1. ## Shifting arrays K positions without using additional memory

I have been tasked with a program that shifts an array k position without additional memory. I don't know what kind of memory are they talking about, because I will obviously have to use one index value for the loop... Anyway, here is an example:
shiftArray(numbers, k) for 1 2 3 4 5 6 7 8 and k = 3 should give: 4 5 6 7 8 1 2 3.

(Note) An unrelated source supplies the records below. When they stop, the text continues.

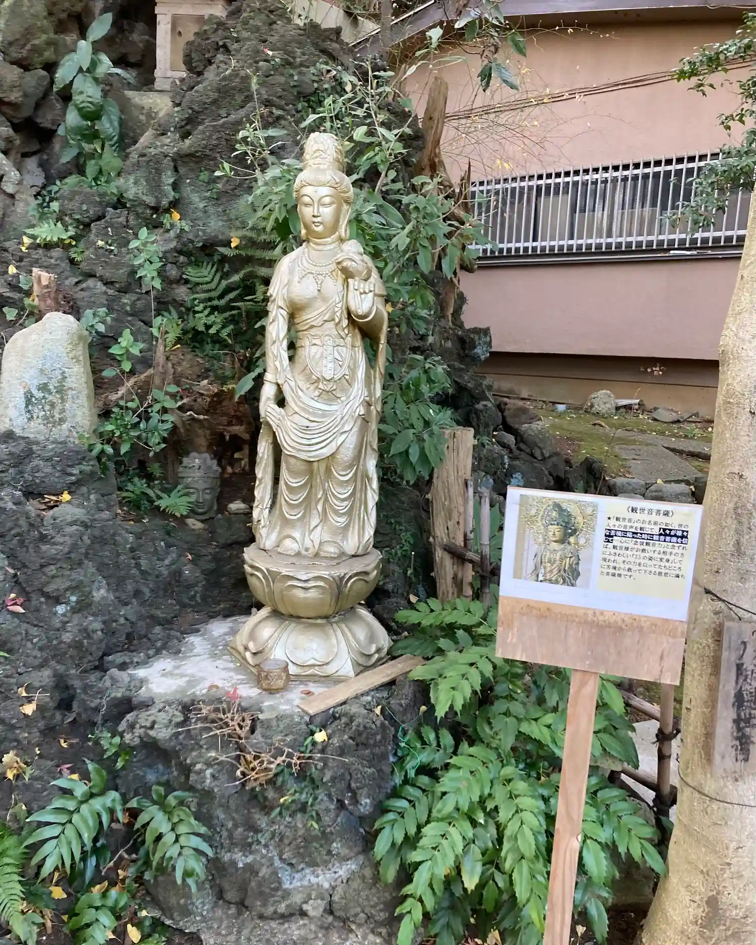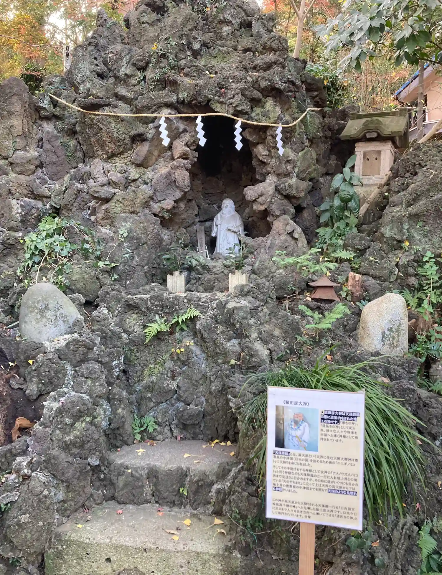 境内には富士山の溶岩を運び、3年掛けて作られた「開運洞窟」があり、東京近郊ではめずらしい洞窟めぐりができます。参道石段を上がると左手に洞窟があり、 中を一回りできます。 入り口の扉を開けて、電灯のスイッチがあります。洞窟を出たら電灯のスイッチを必ず切りましょう。
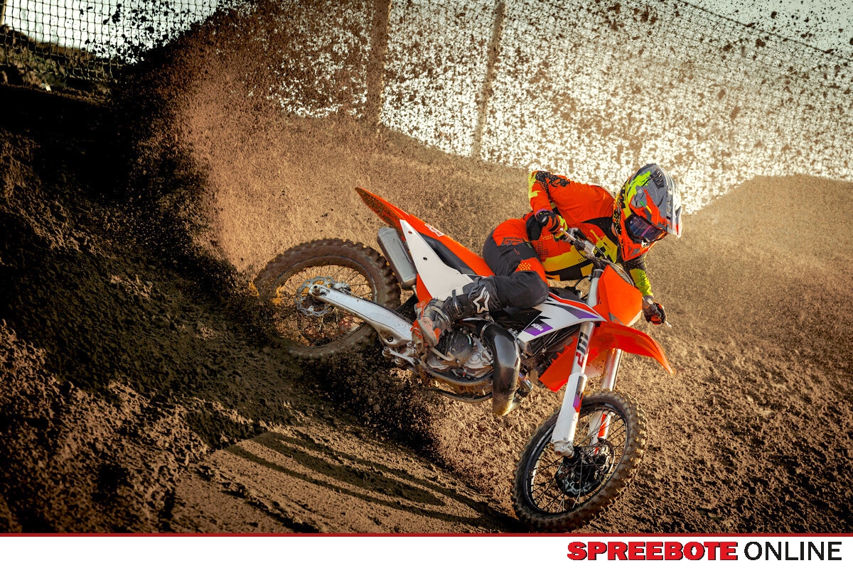 Nach der Einführung der runderneuerten KTM SX Modelle für dieses Jahr steht nun die KTM-Motocross-Reihe für das kommende Jahr an der Startlinie und bringt überarbeitete Fahrwerkseinstellungen, sowie einen brandneuen Look mit. Schlanker, leichter und vom Fahrer perfekt kontrollierbar, schafften es die KTM SX-Modelle auf Anhieb an die Spitze: Sie sind die innovativsten und leistungsstärksten READY TO RACE Motocross-Serienmotorräder, die je gebaut wurden. Eine kurze Erinnerung: Die KTM SX-Modelle 2023 verfügen über ein von Grund auf neu entwickeltes Chassis, aufgebaut auf einem hydrogeformten, lasergeschnittenen und robotergeschweißten Rahmen, einem zweiteiligen, polyamidverstärkten Aluminium-Heckrahmen und einer hohlen Schwinge aus Aluminiumguss.
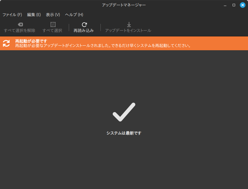 まずはアップデート項目が表示されていたら「アップデートをインストール」をクリックしてアップデートを完了させておきます。
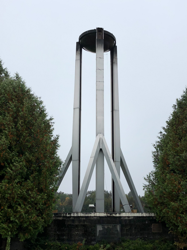 The cauldron housing the Olympic flame at the 1980 Winter Olympics
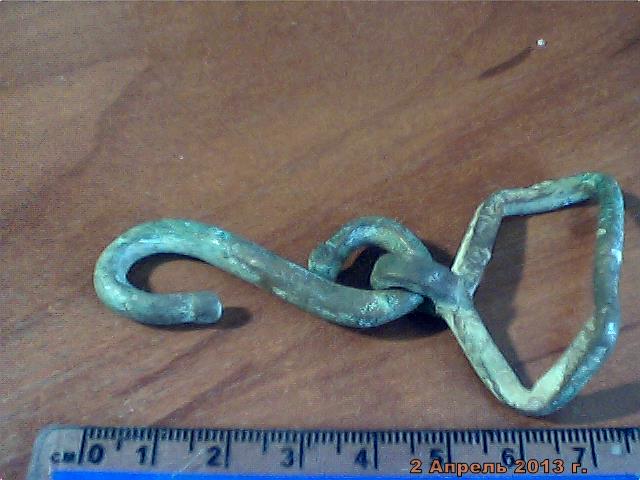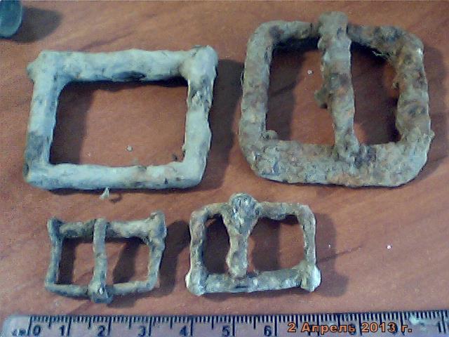 6-я характерные французские пряжки со вставным крутящимся роликом для уменьшения истирания скользящего ремня и одна здоровая, похоже русская, пряга от конской упряжи.Куда шли такие францы я не в курсе.
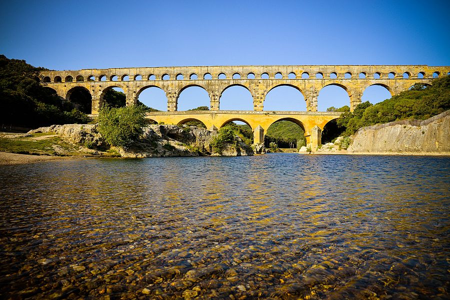 6. den: Den ve znamení přírodních krás…  Ráno se vydáme k akvaduktu Pont du Gard, poté nejen za plameňáky do parku Camargue a ještě stihneme poutní cikánské městečko Saintes-Maires-de-la-Mer. Po snídani odjezd k   Pont du Gard (UNESCO), mistrovskému dílu římského stavitelství a nejznámějšímu akvaduktu ve Francii, který přiváděl vodu do města Nîmes .  Jako v pohádkové zemi se ocitneme v přírodním parku Camargue (UNESCO). Tato rezervace je jedno z mála míst ve Francii, kde se vyskytují volně žijící plameňáci . Setkat se zde můžeme i s bílými koňmi a černými polodivokými býky využívanými pro místní nekrvavou koridu. V cikánském poutním městečku Saintes-Maires-de-la-Mer si prohlédneme kostel a hrob „černé“ svaté Sáry . Odpoledne v rámci individuálního volna bude možnost koupání na místních písečných plážích ,   popřípadě večeře v typické francouzské restauraci s ochutnávkou mořských plodů nebo specialit z býčího masa.
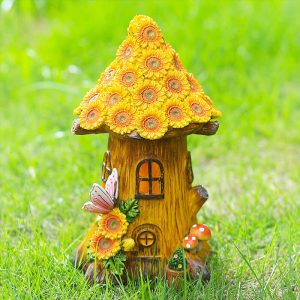 - Resin Craftsmanship: The treehouse features a rustic wooden-style exterior with shingled roofs. arched windows. and a tiny porch. all crafted from durable. weather-resistant resin. The sunflowers surrounding the house have vibrant yellow petals and textured centers. mimicking real blooms.
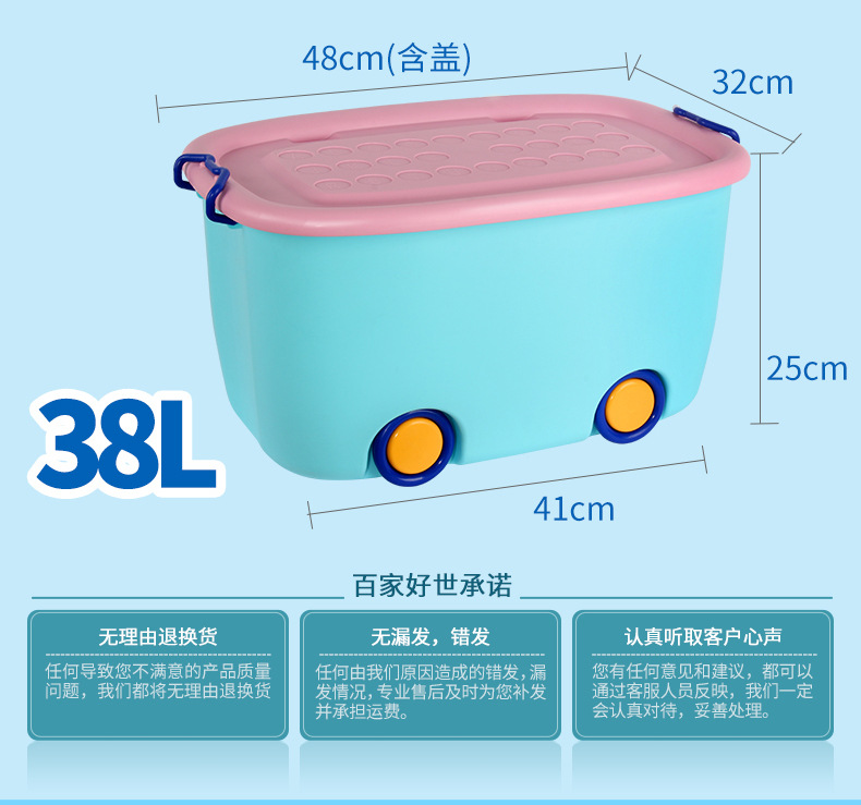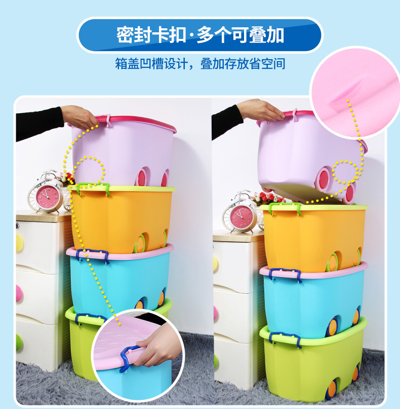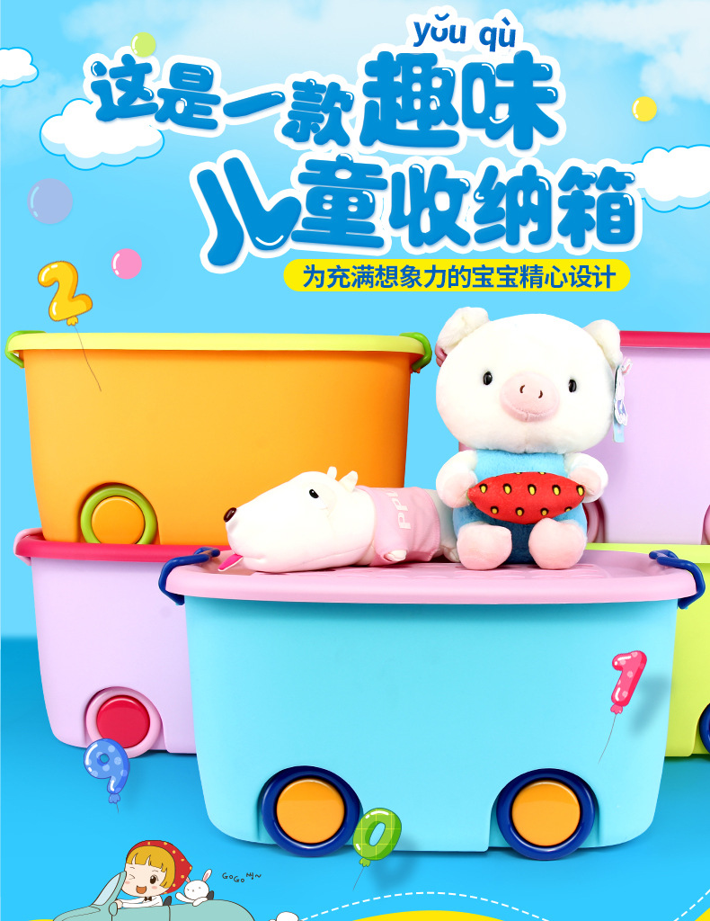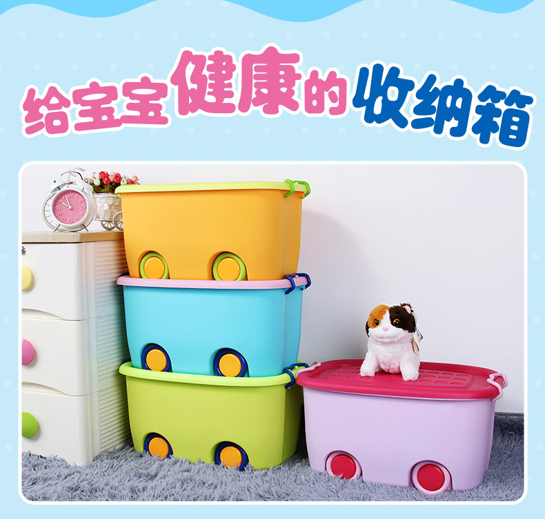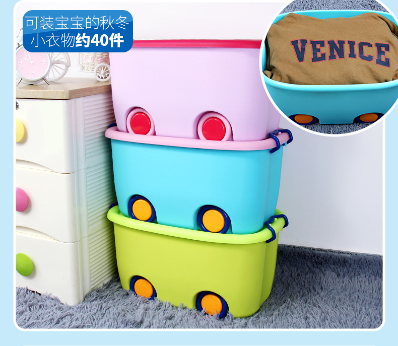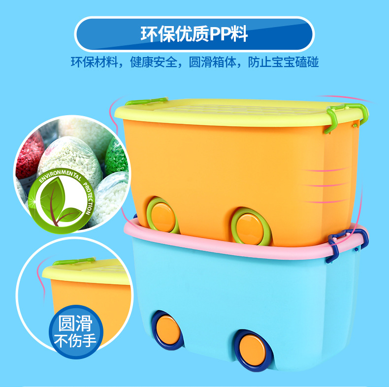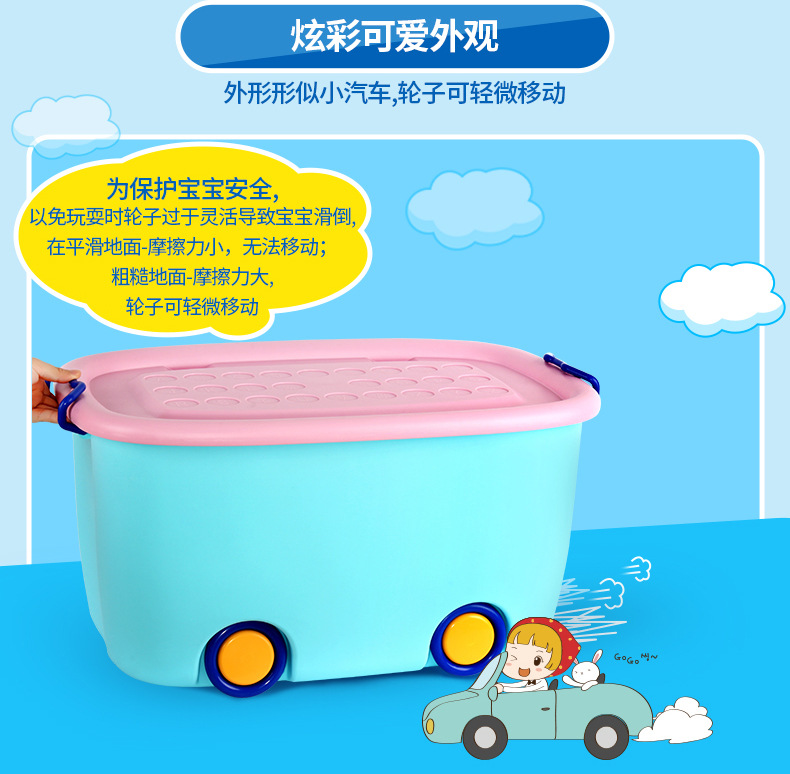 美汇特供:百家好世儿童大号收纳箱带轮塑料玩具整理有盖儿童衣服整理

The problem is simple, however, after constantly failing at minor things, I cannot think clear anymore. Here is my full code. The result for 1 2 3 4 5 6 7 8 is 5 2 3 4 5 6 7 8. I have discovered that the problem is in the if statement, but I cannot figure out why. I know the code is cluttered for the function, but that is only because I do not want to store the size into a variable, because of that memory condition...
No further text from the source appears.